Your assignment:
Each line in the material below, starting at the one with "In fairness, it’s" and ending at the one with "网站上存在社交媒体链接表明 mk-translations.ua 在社交媒体上维护官方账户,这是可信度和参与度的积极信号。", is to be reproduced exactly; no picture is to be copied.

Supplied records:
-- Opening Marker --

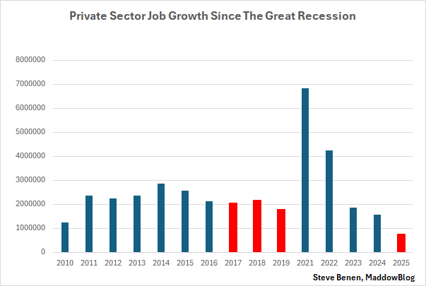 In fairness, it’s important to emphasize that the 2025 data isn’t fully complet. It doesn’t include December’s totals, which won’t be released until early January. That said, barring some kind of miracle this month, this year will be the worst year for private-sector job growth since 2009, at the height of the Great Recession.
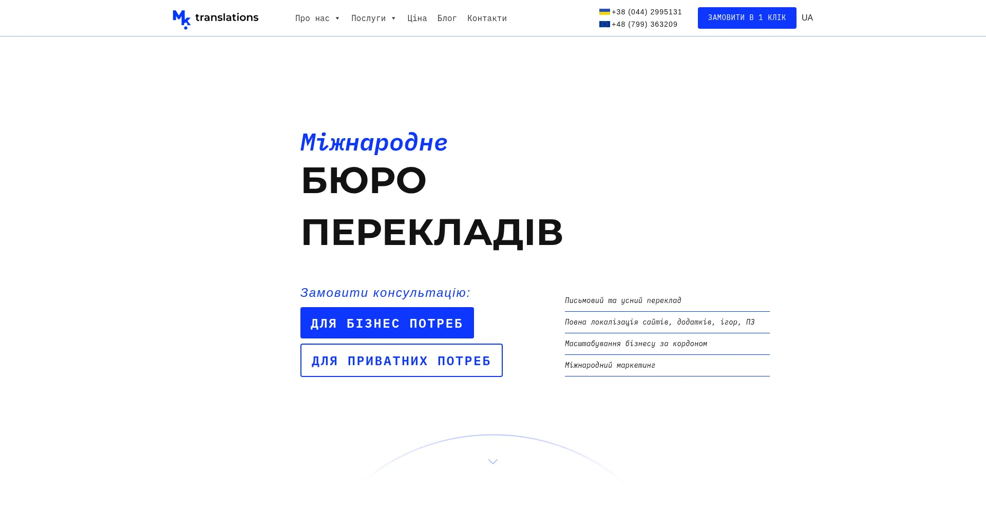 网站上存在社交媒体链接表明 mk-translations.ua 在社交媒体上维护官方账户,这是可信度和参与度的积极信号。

-- Closing Marker --
-- Opening Marker --

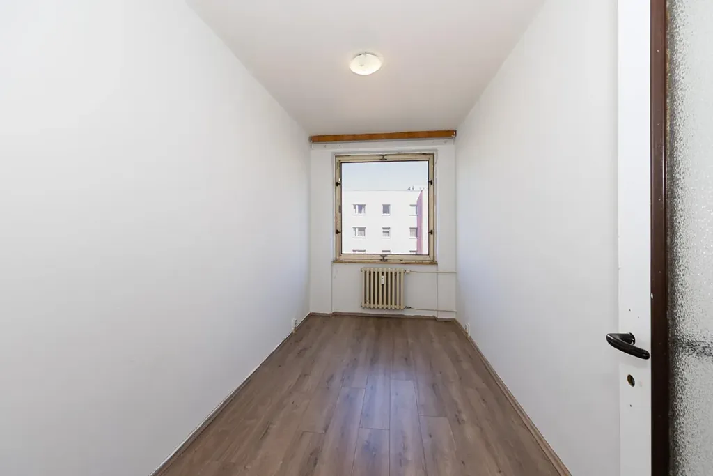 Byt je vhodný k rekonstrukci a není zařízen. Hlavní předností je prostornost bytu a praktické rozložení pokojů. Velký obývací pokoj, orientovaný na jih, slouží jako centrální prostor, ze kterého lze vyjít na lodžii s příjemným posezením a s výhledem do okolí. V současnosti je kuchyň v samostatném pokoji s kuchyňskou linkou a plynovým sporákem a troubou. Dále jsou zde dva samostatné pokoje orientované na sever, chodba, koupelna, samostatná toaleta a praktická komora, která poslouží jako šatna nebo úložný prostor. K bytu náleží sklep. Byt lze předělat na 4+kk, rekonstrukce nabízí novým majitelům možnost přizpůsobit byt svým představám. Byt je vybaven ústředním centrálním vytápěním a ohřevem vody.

-- Closing Marker --

Reply:
 In fairness, it’s important to emphasize that the 2025 data isn’t fully complet. It doesn’t include December’s totals, which won’t be released until early January. That said, barring some kind of miracle this month, this year will be the worst year for private-sector job growth since 2009, at the height of the Great Recession.
 网站上存在社交媒体链接表明 mk-translations.ua 在社交媒体上维护官方账户,这是可信度和参与度的积极信号。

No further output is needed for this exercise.